→ ASSIGNMENT: Without any pictures, reproduce exactly the lines running from the line containing "Collier composé de" through the end of the entries.

→ INPUT RECORDS:
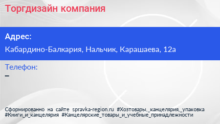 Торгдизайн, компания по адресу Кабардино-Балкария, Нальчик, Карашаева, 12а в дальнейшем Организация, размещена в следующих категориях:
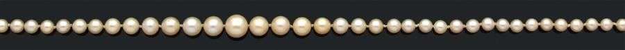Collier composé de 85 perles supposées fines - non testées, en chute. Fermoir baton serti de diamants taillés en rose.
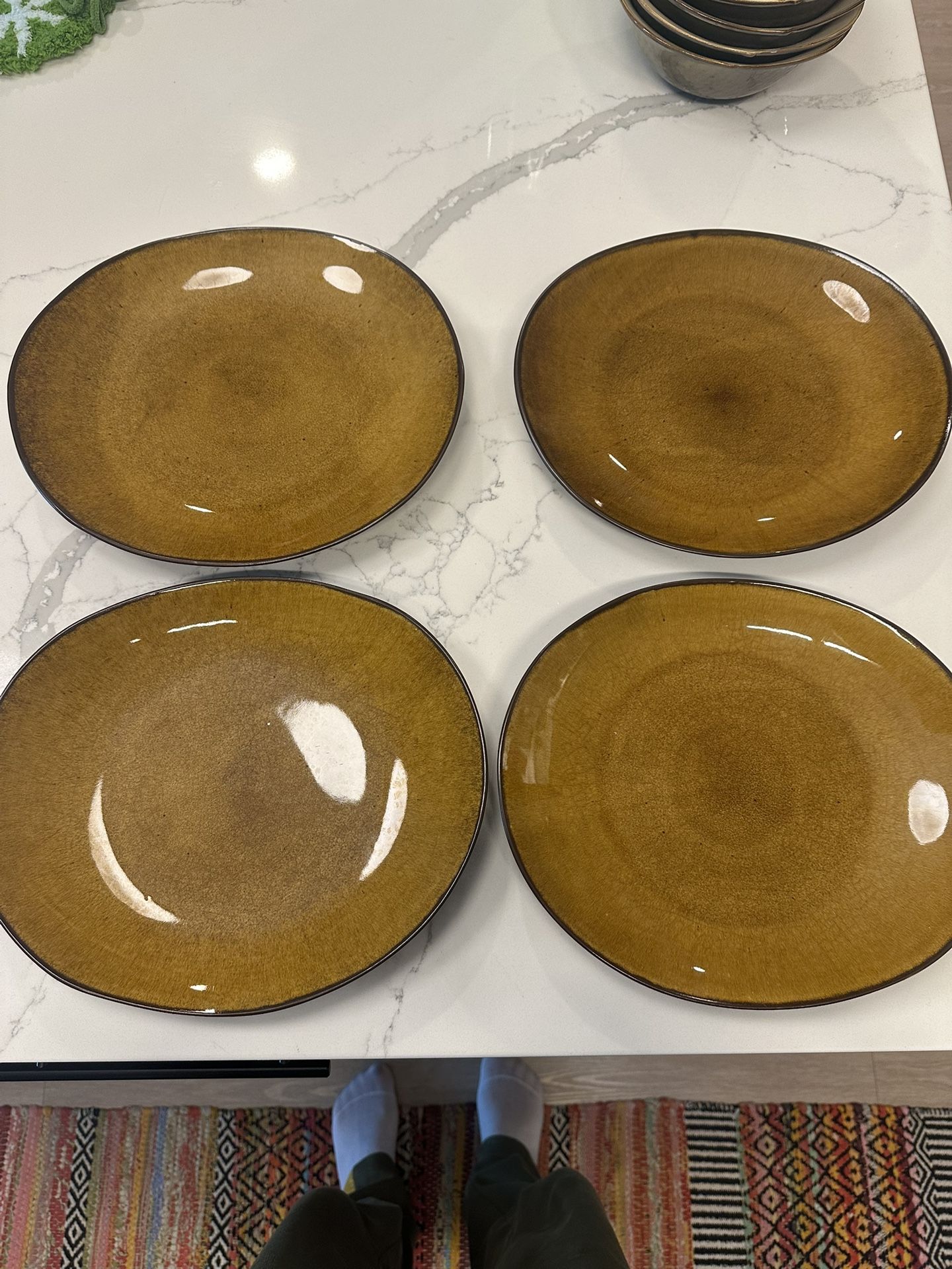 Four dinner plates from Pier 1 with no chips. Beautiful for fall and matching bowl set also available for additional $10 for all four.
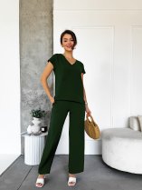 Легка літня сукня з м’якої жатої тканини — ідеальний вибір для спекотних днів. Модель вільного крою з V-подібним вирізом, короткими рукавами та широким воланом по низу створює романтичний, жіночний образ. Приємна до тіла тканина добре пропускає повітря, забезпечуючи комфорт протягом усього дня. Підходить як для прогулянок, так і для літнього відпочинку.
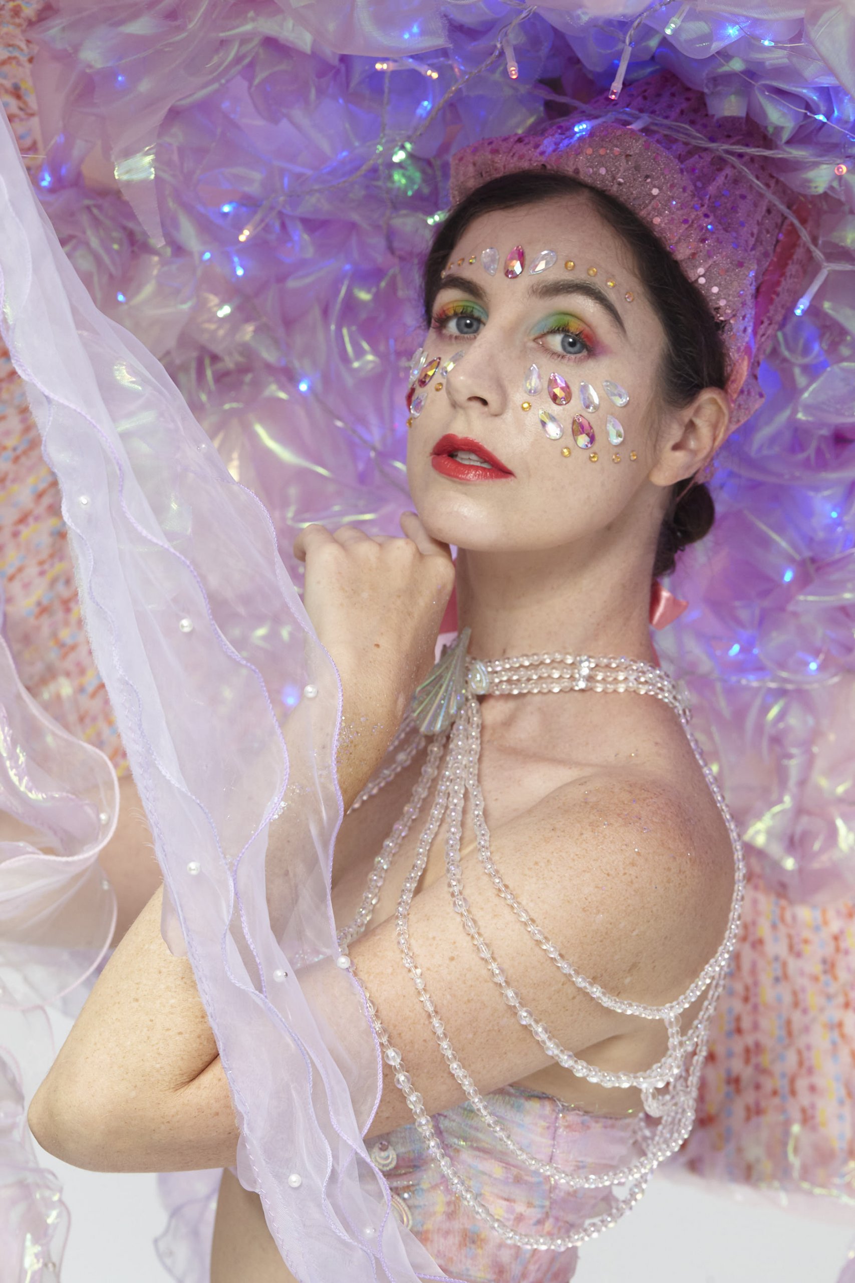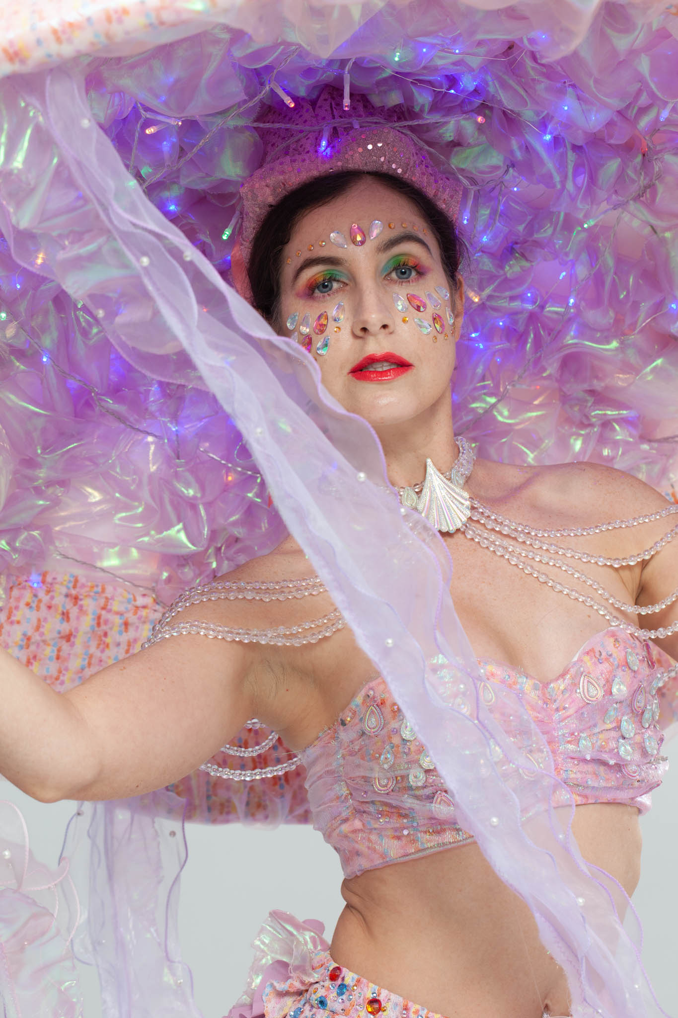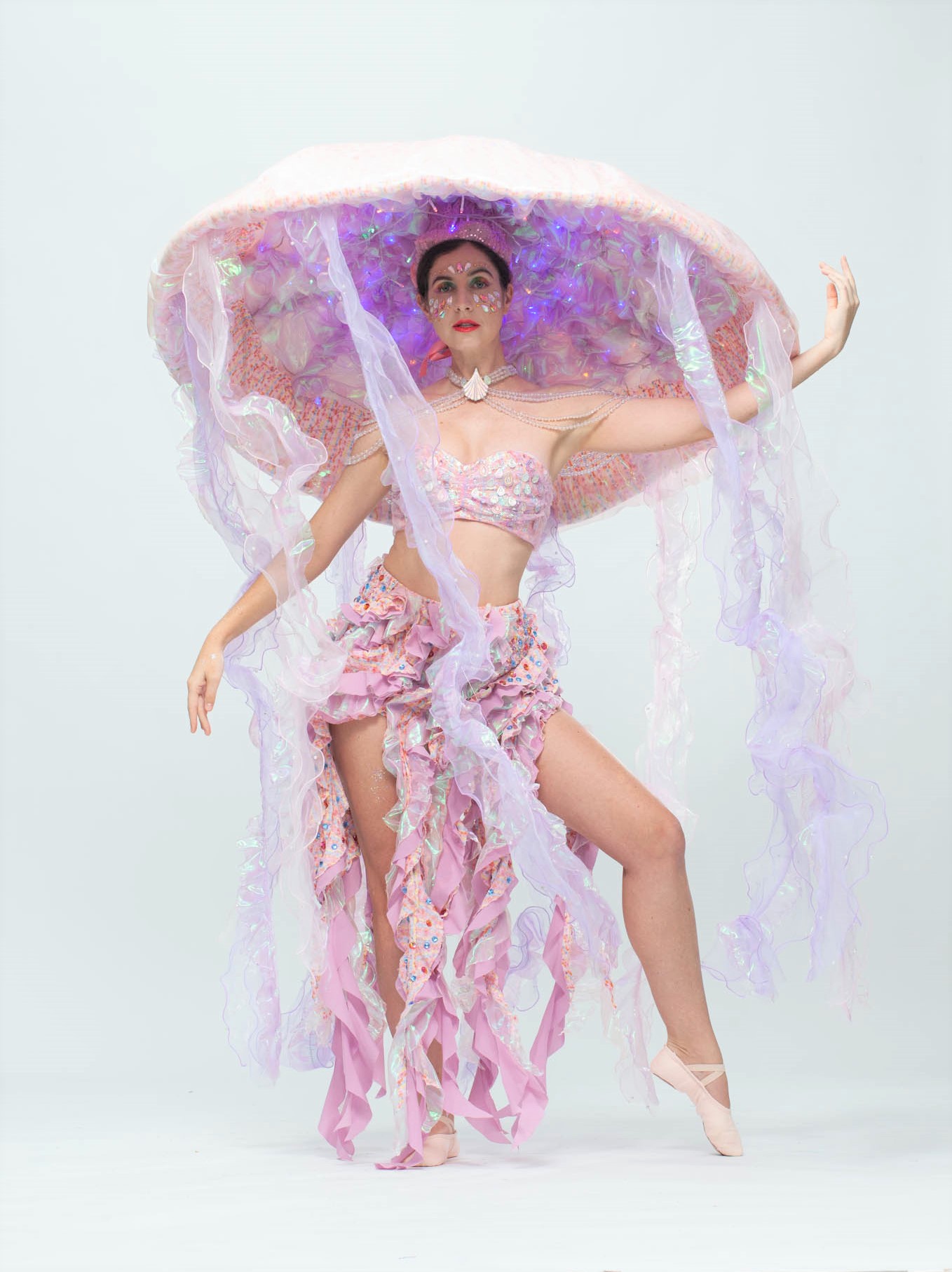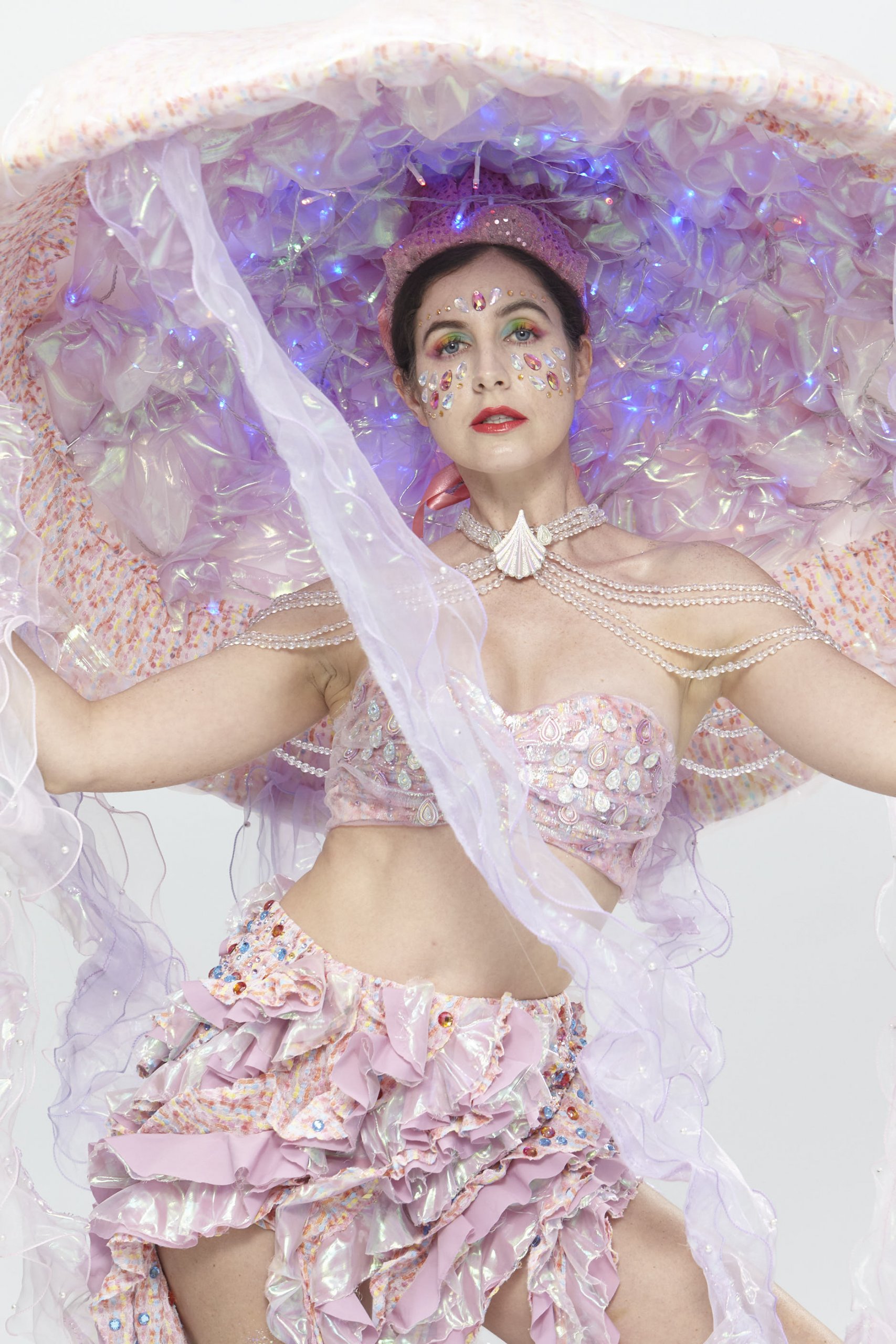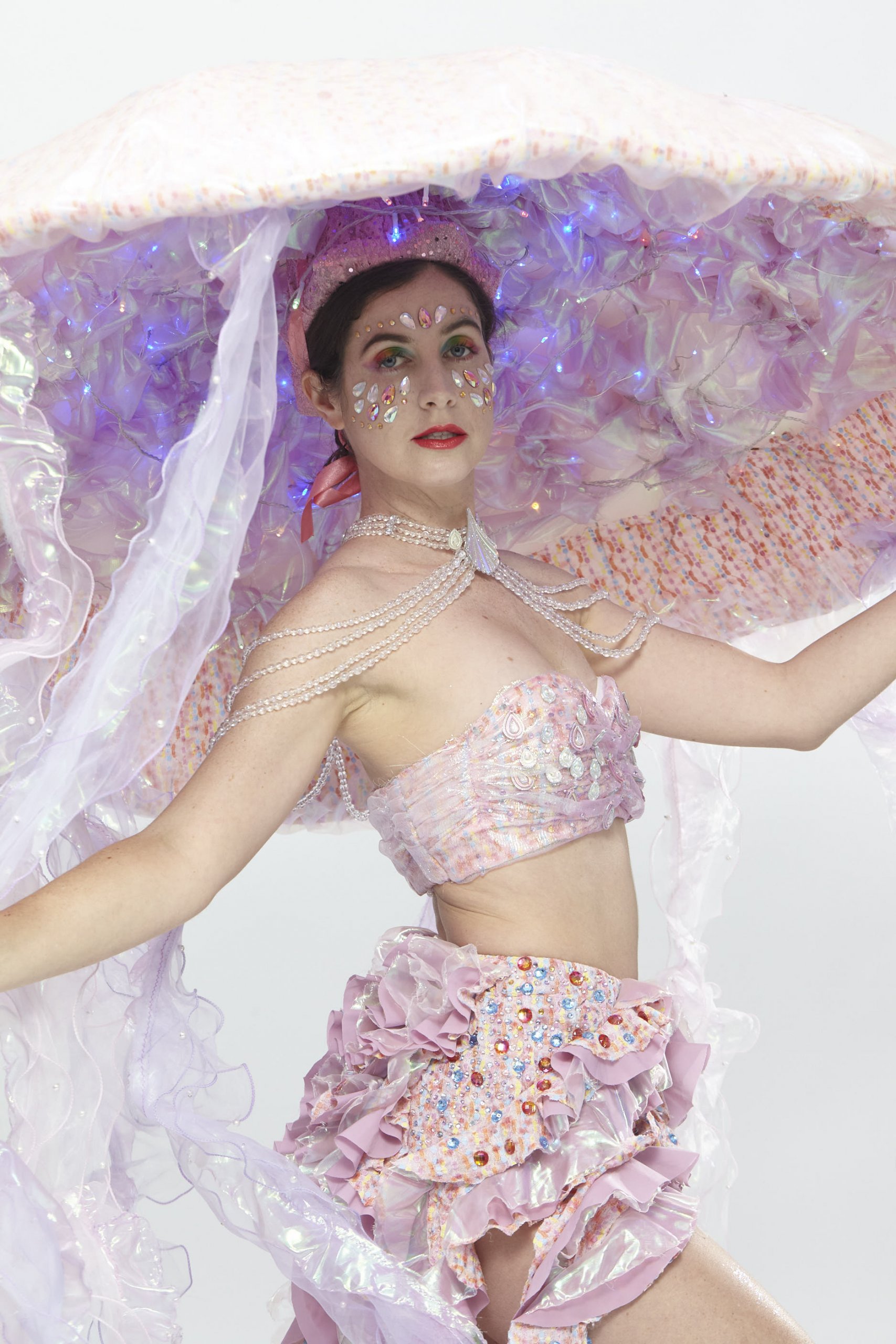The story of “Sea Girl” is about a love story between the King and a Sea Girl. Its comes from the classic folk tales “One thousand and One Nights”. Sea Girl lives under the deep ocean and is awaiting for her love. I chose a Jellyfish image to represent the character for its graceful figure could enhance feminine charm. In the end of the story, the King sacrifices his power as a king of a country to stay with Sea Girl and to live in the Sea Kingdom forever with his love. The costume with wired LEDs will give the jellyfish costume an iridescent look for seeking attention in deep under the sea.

→ EXERCISE OUTPUT:
Collier composé de 85 perles supposées fines - non testées, en chute. Fermoir baton serti de diamants taillés en rose.
 Four dinner plates from Pier 1 with no chips. Beautiful for fall and matching bowl set also available for additional $10 for all four.
 Легка літня сукня з м’якої жатої тканини — ідеальний вибір для спекотних днів. Модель вільного крою з V-подібним вирізом, короткими рукавами та широким воланом по низу створює романтичний, жіночний образ. Приємна до тіла тканина добре пропускає повітря, забезпечуючи комфорт протягом усього дня. Підходить як для прогулянок, так і для літнього відпочинку.
The story of “Sea Girl” is about a love story between the King and a Sea Girl. Its comes from the classic folk tales “One thousand and One Nights”. Sea Girl lives under the deep ocean and is awaiting for her love. I chose a Jellyfish image to represent the character for its graceful figure could enhance feminine charm. In the end of the story, the King sacrifices his power as a king of a country to stay with Sea Girl and to live in the Sea Kingdom forever with his love. The costume with wired LEDs will give the jellyfish costume an iridescent look for seeking attention in deep under the sea.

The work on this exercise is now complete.